[Start of Attachment]

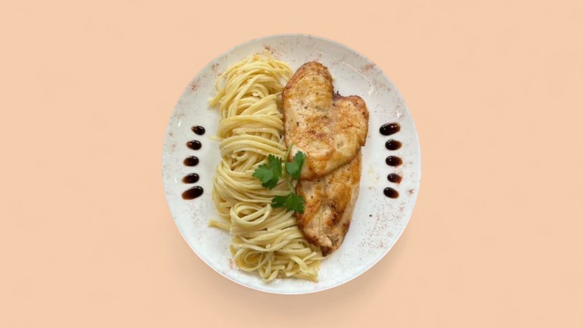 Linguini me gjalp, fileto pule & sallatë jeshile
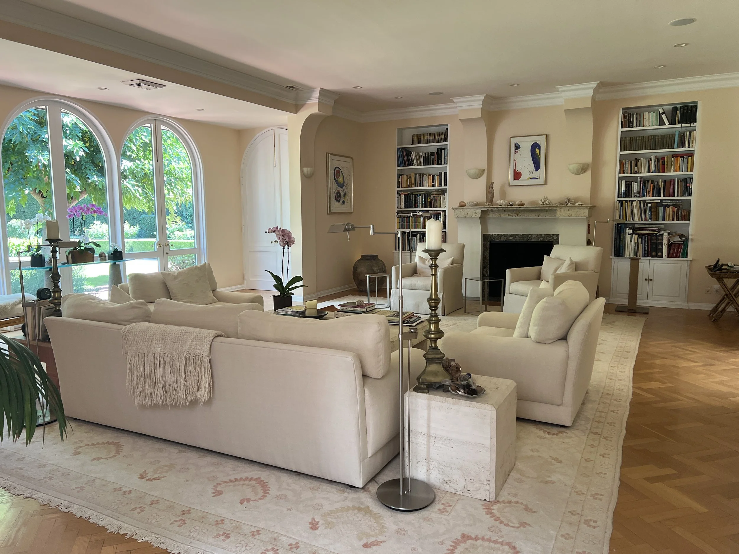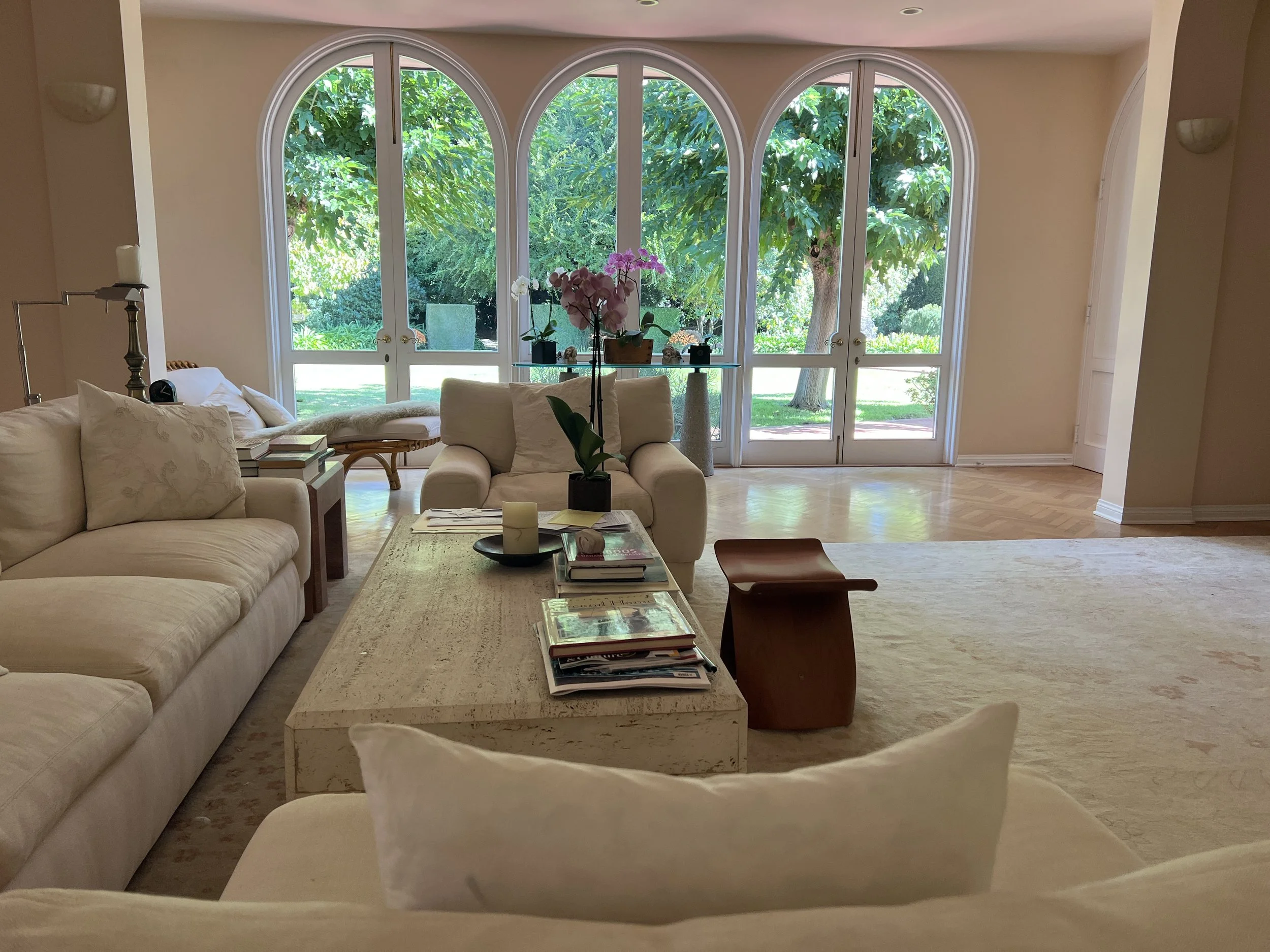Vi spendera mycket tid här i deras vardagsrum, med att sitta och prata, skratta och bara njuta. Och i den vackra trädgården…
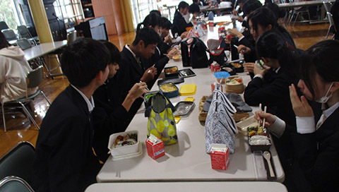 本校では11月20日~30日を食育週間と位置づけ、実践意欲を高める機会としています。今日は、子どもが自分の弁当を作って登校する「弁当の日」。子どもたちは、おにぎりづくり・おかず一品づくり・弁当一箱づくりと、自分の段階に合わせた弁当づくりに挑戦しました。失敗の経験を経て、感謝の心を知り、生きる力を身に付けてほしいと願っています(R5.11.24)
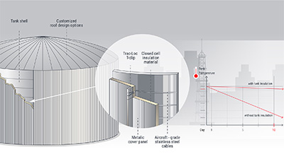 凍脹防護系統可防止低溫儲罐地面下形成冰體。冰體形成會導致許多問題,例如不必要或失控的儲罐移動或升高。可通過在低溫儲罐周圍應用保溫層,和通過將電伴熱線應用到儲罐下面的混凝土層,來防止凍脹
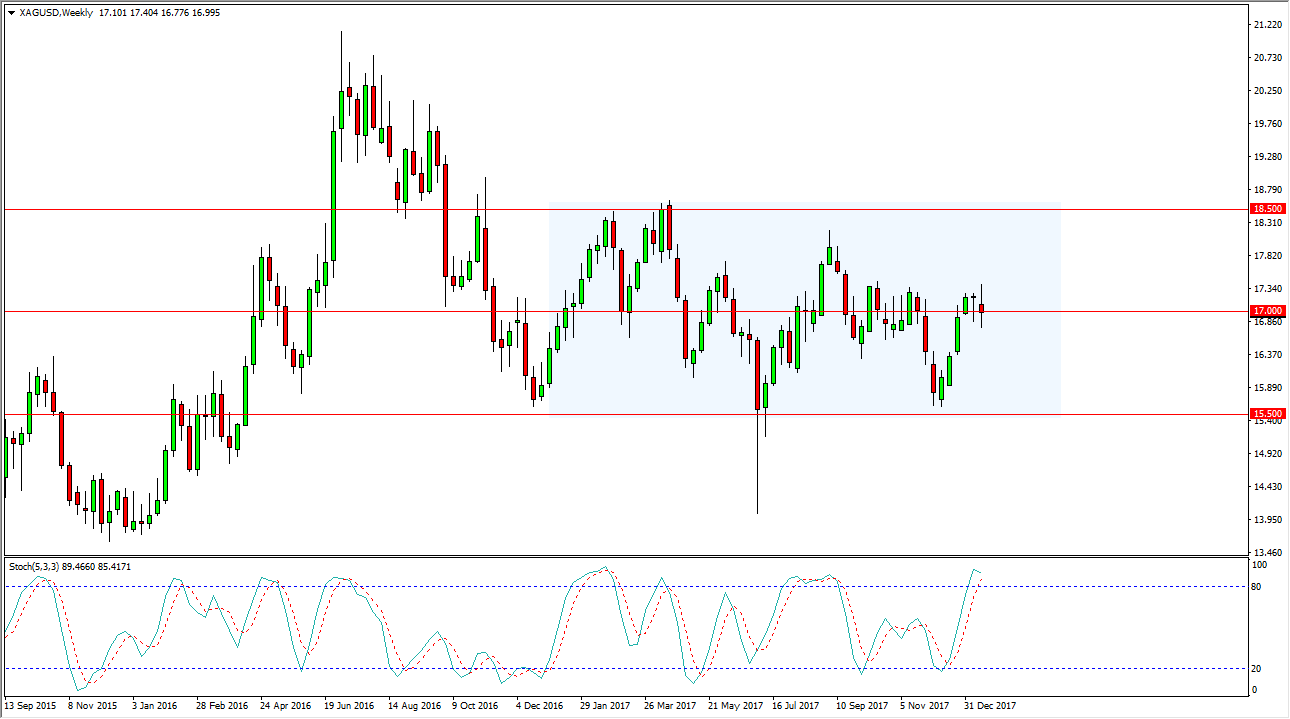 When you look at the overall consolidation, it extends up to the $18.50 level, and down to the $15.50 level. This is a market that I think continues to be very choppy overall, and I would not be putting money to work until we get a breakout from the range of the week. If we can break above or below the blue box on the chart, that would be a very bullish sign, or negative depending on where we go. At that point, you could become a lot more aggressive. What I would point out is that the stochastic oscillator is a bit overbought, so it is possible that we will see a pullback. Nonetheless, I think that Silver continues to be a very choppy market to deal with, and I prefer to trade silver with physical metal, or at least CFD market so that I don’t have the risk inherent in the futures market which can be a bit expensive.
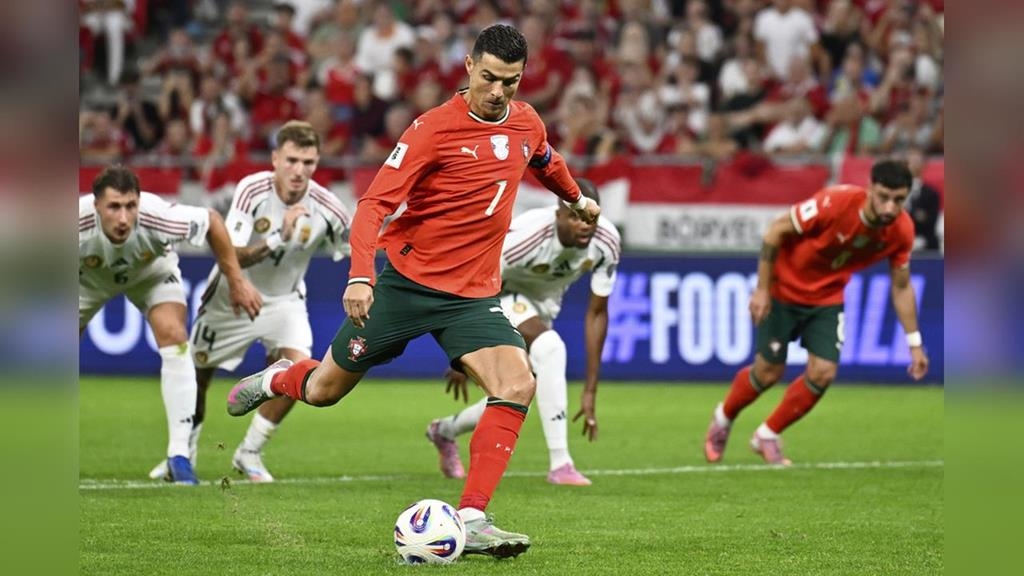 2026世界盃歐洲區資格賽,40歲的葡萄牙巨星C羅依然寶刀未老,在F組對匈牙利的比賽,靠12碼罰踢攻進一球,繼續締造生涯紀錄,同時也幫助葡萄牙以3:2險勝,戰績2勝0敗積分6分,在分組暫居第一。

[End of Attachment]

**WHAT YOU ARE ASKED TO DO**
Take the line that contains "凍脹防護系統可防止低溫儲罐地" as the first and the last line of the records as the end, and please quote those lines exactly, pictures omitted.

**RESULT BELOW**
 凍脹防護系統可防止低溫儲罐地面下形成冰體。冰體形成會導致許多問題,例如不必要或失控的儲罐移動或升高。可通過在低溫儲罐周圍應用保溫層,和通過將電伴熱線應用到儲罐下面的混凝土層,來防止凍脹
 When you look at the overall consolidation, it extends up to the $18.50 level, and down to the $15.50 level. This is a market that I think continues to be very choppy overall, and I would not be putting money to work until we get a breakout from the range of the week. If we can break above or below the blue box on the chart, that would be a very bullish sign, or negative depending on where we go. At that point, you could become a lot more aggressive. What I would point out is that the stochastic oscillator is a bit overbought, so it is possible that we will see a pullback. Nonetheless, I think that Silver continues to be a very choppy market to deal with, and I prefer to trade silver with physical metal, or at least CFD market so that I don’t have the risk inherent in the futures market which can be a bit expensive.
 2026世界盃歐洲區資格賽,40歲的葡萄牙巨星C羅依然寶刀未老,在F組對匈牙利的比賽,靠12碼罰踢攻進一球,繼續締造生涯紀錄,同時也幫助葡萄牙以3:2險勝,戰績2勝0敗積分6分,在分組暫居第一。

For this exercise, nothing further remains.